-------- Data for analysis
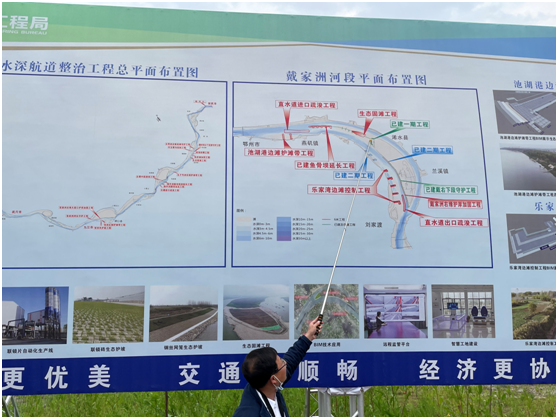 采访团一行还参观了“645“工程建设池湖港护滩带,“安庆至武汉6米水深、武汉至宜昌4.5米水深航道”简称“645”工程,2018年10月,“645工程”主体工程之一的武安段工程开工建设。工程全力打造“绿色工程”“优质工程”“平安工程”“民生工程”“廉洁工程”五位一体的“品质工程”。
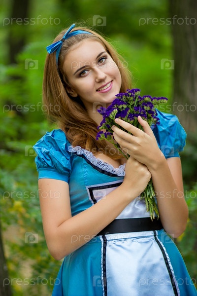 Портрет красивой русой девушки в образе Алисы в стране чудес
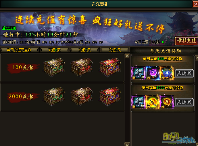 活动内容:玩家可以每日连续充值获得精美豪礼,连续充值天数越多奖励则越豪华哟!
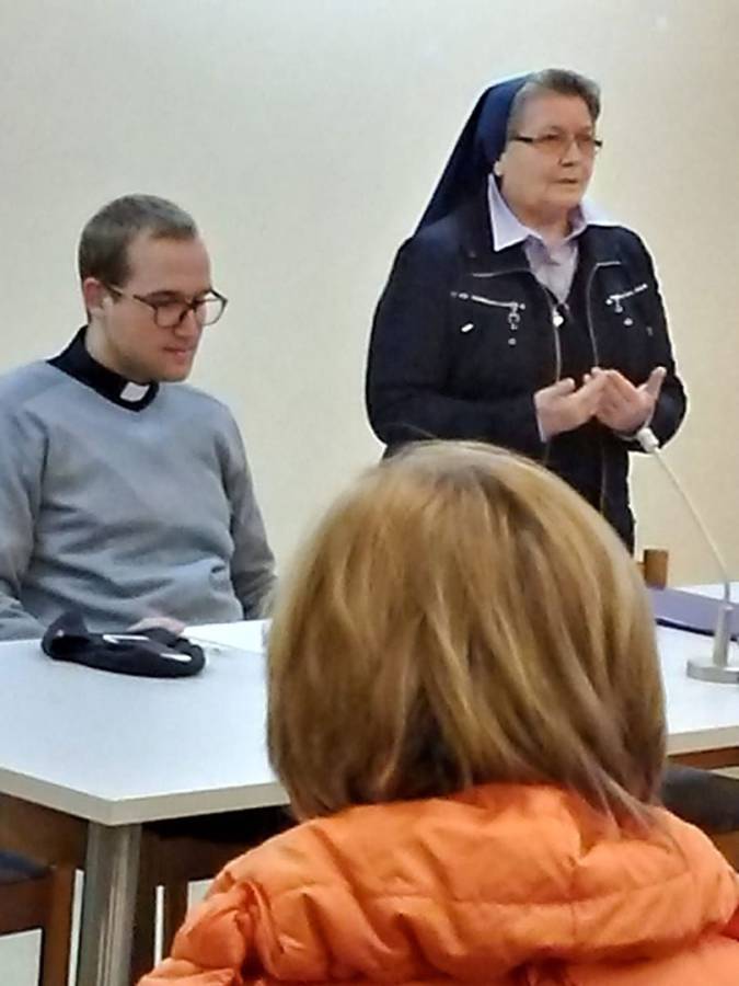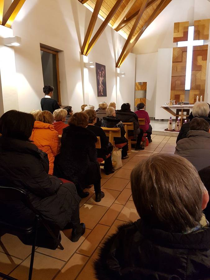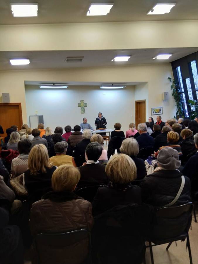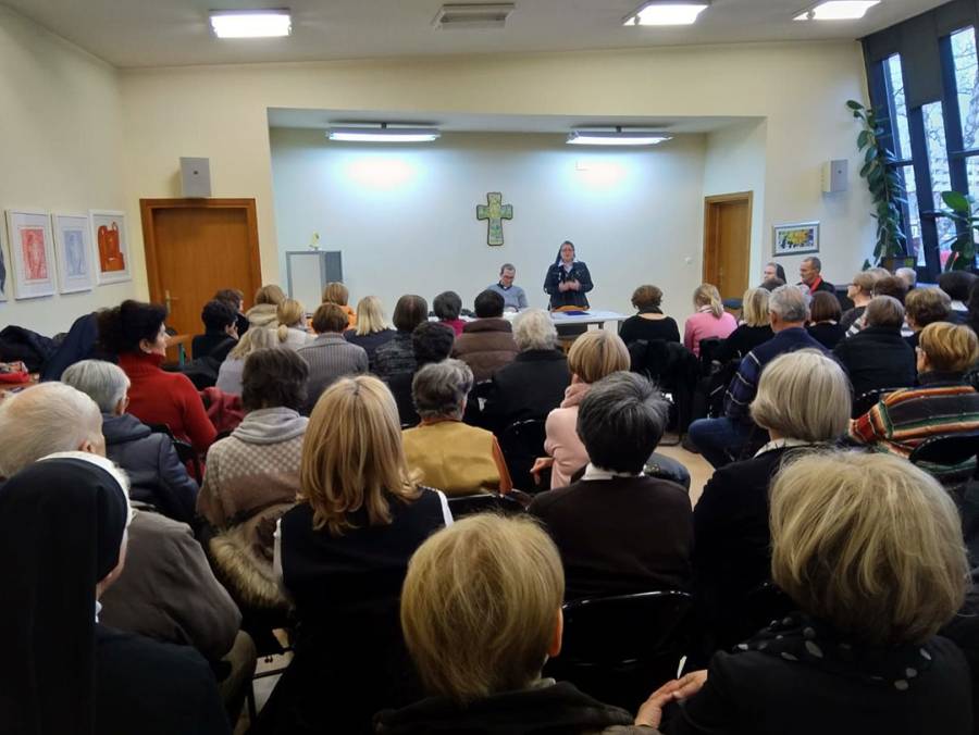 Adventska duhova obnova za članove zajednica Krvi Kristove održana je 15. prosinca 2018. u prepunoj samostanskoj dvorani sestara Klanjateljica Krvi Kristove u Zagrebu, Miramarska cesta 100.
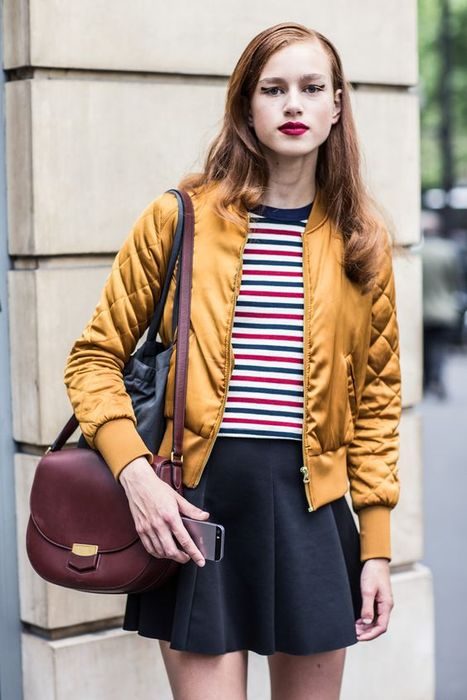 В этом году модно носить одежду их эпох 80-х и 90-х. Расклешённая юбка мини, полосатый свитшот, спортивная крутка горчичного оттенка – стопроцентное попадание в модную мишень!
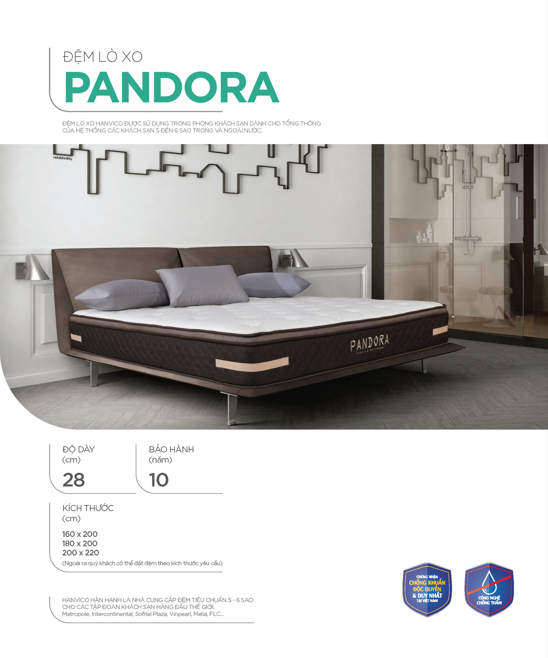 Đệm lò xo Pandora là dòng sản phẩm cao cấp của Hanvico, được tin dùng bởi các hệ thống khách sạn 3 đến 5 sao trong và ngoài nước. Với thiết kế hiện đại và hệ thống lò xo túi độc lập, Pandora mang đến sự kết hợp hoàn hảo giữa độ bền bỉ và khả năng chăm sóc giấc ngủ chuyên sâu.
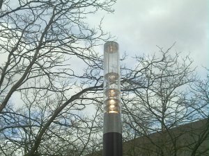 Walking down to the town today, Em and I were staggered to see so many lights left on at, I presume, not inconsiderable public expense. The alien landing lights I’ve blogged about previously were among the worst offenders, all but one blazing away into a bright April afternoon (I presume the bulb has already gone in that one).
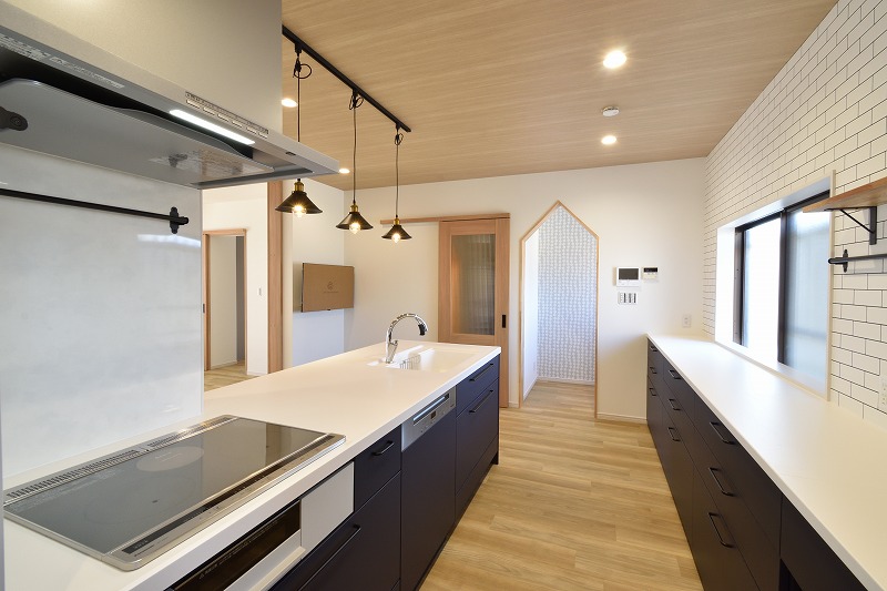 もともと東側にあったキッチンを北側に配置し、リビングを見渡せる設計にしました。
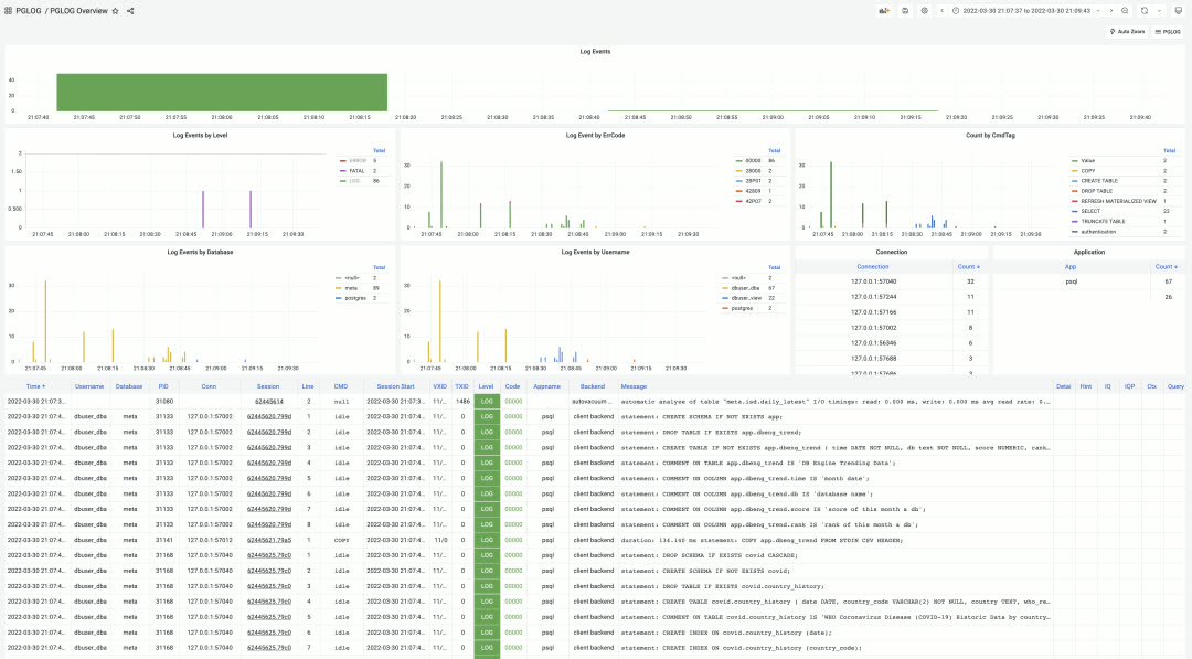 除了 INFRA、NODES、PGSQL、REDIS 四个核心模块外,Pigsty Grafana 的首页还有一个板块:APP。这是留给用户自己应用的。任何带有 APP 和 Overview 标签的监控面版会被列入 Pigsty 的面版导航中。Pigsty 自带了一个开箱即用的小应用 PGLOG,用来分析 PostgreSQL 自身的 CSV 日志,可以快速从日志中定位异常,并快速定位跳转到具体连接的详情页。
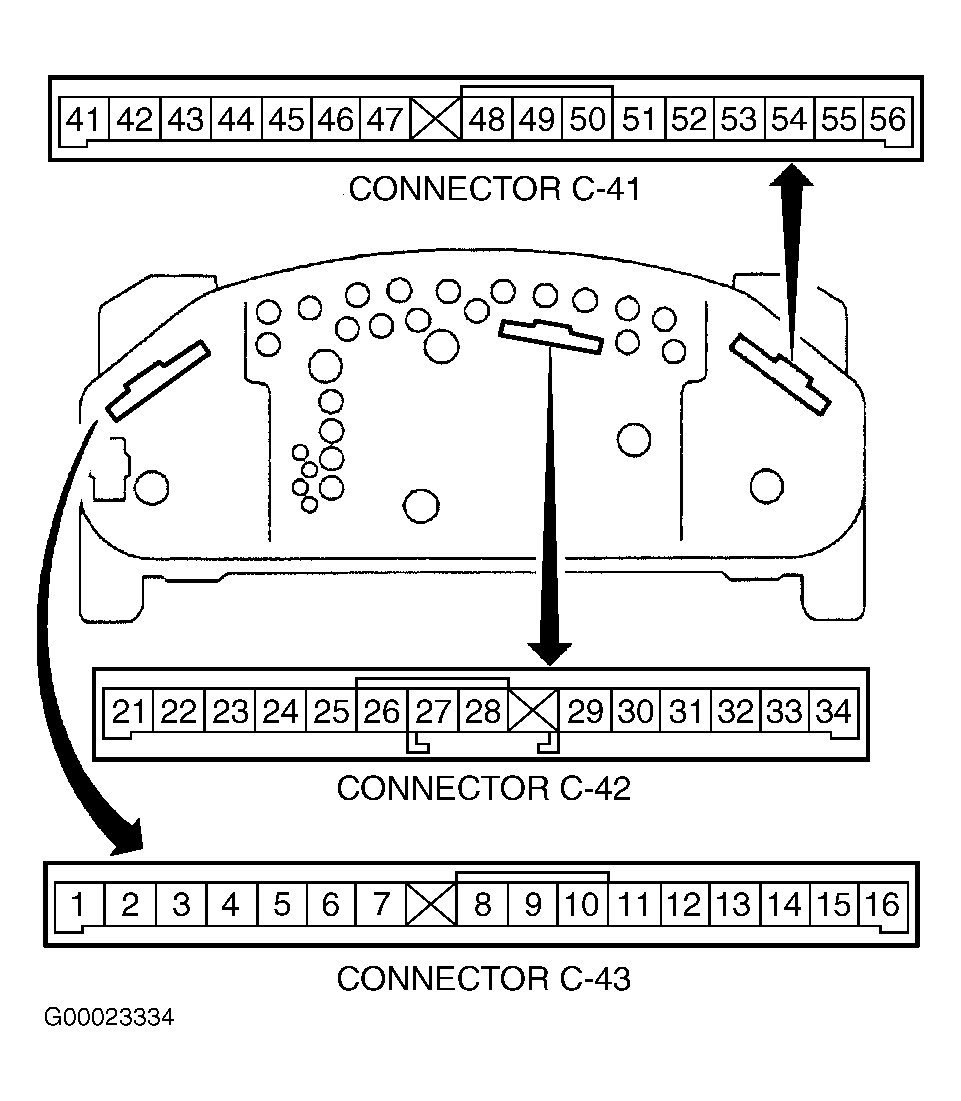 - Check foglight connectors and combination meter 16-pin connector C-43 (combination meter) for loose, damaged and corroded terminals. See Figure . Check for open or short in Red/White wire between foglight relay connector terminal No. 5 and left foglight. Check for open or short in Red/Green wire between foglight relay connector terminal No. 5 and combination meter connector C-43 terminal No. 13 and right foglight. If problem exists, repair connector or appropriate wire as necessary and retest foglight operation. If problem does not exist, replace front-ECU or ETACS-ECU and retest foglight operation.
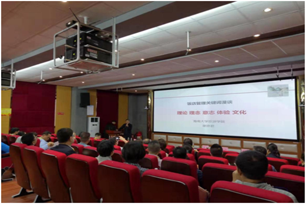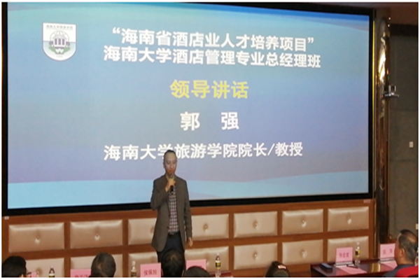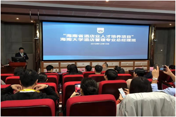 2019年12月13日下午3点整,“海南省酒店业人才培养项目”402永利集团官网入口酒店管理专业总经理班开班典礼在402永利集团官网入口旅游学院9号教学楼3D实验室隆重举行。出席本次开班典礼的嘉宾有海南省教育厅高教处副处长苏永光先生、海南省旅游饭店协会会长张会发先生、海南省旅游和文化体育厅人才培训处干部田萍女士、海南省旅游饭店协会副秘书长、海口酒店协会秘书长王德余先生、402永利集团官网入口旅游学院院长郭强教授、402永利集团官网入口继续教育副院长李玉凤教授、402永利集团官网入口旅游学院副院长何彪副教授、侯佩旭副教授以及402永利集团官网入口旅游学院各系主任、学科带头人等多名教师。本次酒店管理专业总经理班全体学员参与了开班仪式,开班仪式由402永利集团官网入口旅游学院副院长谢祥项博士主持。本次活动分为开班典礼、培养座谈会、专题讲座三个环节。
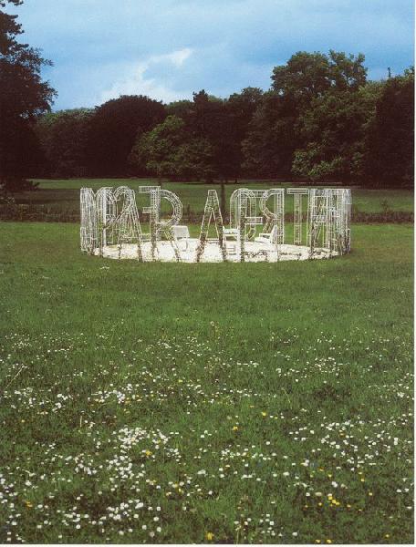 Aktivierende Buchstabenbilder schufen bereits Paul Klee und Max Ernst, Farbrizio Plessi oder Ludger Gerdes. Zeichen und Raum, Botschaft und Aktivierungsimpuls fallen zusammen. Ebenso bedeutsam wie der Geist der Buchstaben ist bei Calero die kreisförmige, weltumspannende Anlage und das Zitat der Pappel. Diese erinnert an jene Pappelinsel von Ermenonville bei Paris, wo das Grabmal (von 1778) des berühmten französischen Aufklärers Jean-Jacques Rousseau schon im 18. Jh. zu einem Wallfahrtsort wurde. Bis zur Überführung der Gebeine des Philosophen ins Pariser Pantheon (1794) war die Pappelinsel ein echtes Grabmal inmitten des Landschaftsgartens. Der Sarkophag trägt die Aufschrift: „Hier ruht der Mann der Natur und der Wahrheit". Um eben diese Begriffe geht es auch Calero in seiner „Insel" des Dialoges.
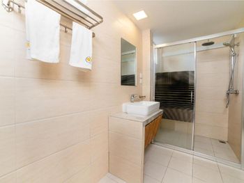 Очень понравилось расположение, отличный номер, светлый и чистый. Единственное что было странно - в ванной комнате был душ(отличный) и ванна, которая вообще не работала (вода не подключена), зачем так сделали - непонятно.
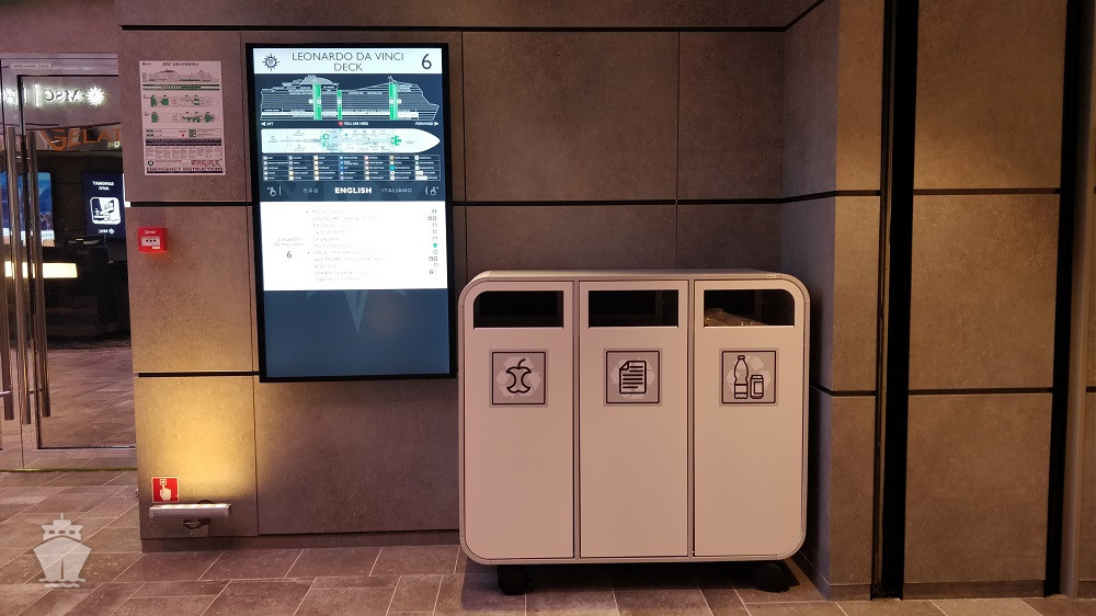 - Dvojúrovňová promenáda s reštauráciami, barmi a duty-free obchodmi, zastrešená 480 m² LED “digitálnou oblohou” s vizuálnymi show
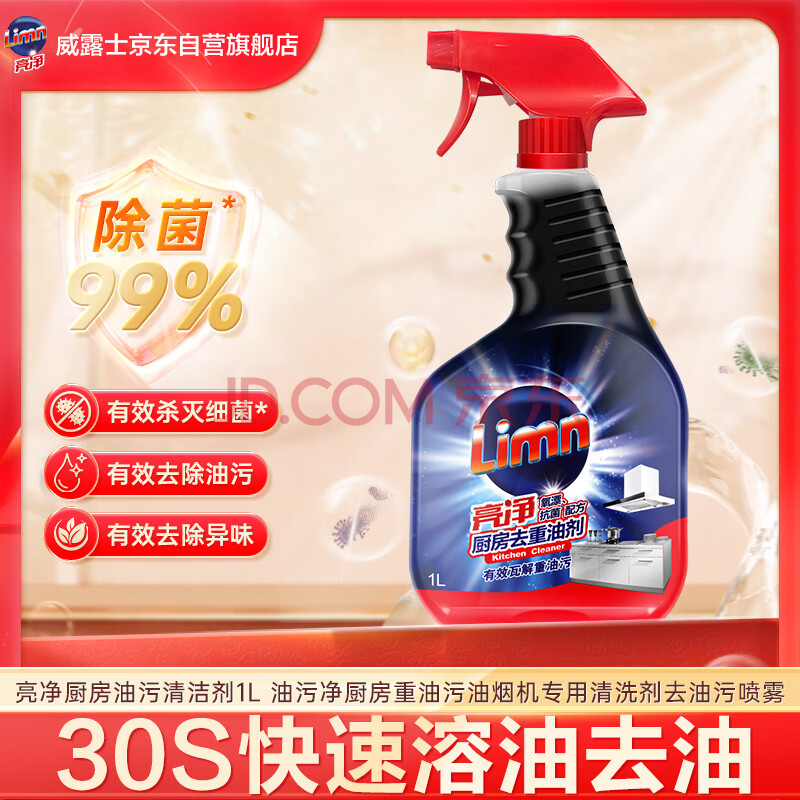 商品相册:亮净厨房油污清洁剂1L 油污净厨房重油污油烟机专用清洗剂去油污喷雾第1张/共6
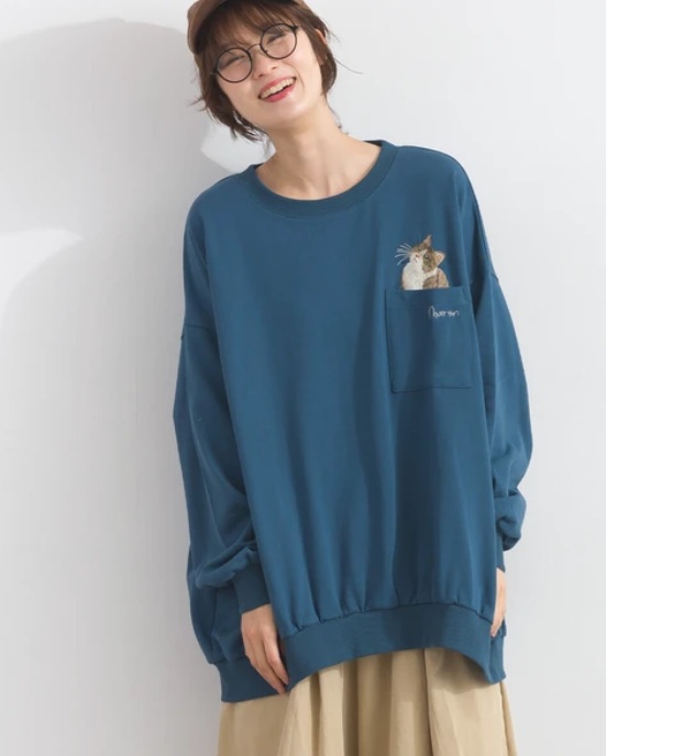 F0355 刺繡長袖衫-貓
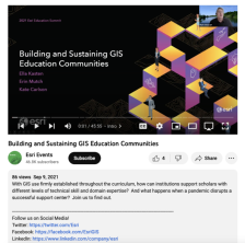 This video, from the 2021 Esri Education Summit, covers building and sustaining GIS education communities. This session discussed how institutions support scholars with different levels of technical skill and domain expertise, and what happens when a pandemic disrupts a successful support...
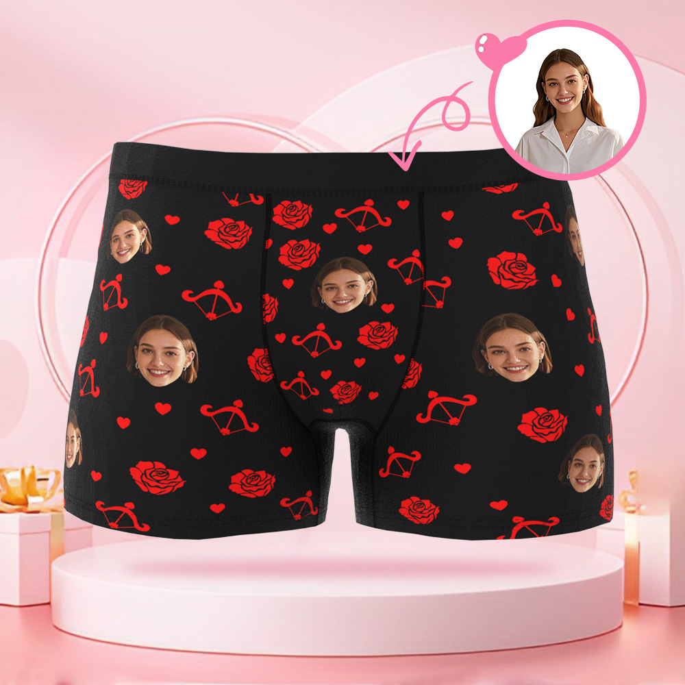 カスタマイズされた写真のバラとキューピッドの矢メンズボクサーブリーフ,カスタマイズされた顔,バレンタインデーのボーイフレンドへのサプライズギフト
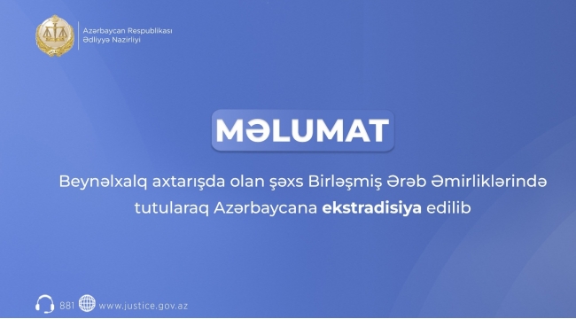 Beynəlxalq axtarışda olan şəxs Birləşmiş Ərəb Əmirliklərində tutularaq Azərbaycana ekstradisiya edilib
----------------
# To do
When you reach the line containing "もともと東側にあったキッチンを北側に配置し、リビングを見渡せる設計にしました。" in the entries above, begin restating word for word, and stop once the line containing "2019年12月13日下午3" has been given. Omit the pictures.

# Solution to this task
 もともと東側にあったキッチンを北側に配置し、リビングを見渡せる設計にしました。
 除了 INFRA、NODES、PGSQL、REDIS 四个核心模块外,Pigsty Grafana 的首页还有一个板块:APP。这是留给用户自己应用的。任何带有 APP 和 Overview 标签的监控面版会被列入 Pigsty 的面版导航中。Pigsty 自带了一个开箱即用的小应用 PGLOG,用来分析 PostgreSQL 自身的 CSV 日志,可以快速从日志中定位异常,并快速定位跳转到具体连接的详情页。
 - Check foglight connectors and combination meter 16-pin connector C-43 (combination meter) for loose, damaged and corroded terminals. See Figure . Check for open or short in Red/White wire between foglight relay connector terminal No. 5 and left foglight. Check for open or short in Red/Green wire between foglight relay connector terminal No. 5 and combination meter connector C-43 terminal No. 13 and right foglight. If problem exists, repair connector or appropriate wire as necessary and retest foglight operation. If problem does not exist, replace front-ECU or ETACS-ECU and retest foglight operation.
 2019年12月13日下午3点整,“海南省酒店业人才培养项目”402永利集团官网入口酒店管理专业总经理班开班典礼在402永利集团官网入口旅游学院9号教学楼3D实验室隆重举行。出席本次开班典礼的嘉宾有海南省教育厅高教处副处长苏永光先生、海南省旅游饭店协会会长张会发先生、海南省旅游和文化体育厅人才培训处干部田萍女士、海南省旅游饭店协会副秘书长、海口酒店协会秘书长王德余先生、402永利集团官网入口旅游学院院长郭强教授、402永利集团官网入口继续教育副院长李玉凤教授、402永利集团官网入口旅游学院副院长何彪副教授、侯佩旭副教授以及402永利集团官网入口旅游学院各系主任、学科带头人等多名教师。本次酒店管理专业总经理班全体学员参与了开班仪式,开班仪式由402永利集团官网入口旅游学院副院长谢祥项博士主持。本次活动分为开班典礼、培养座谈会、专题讲座三个环节。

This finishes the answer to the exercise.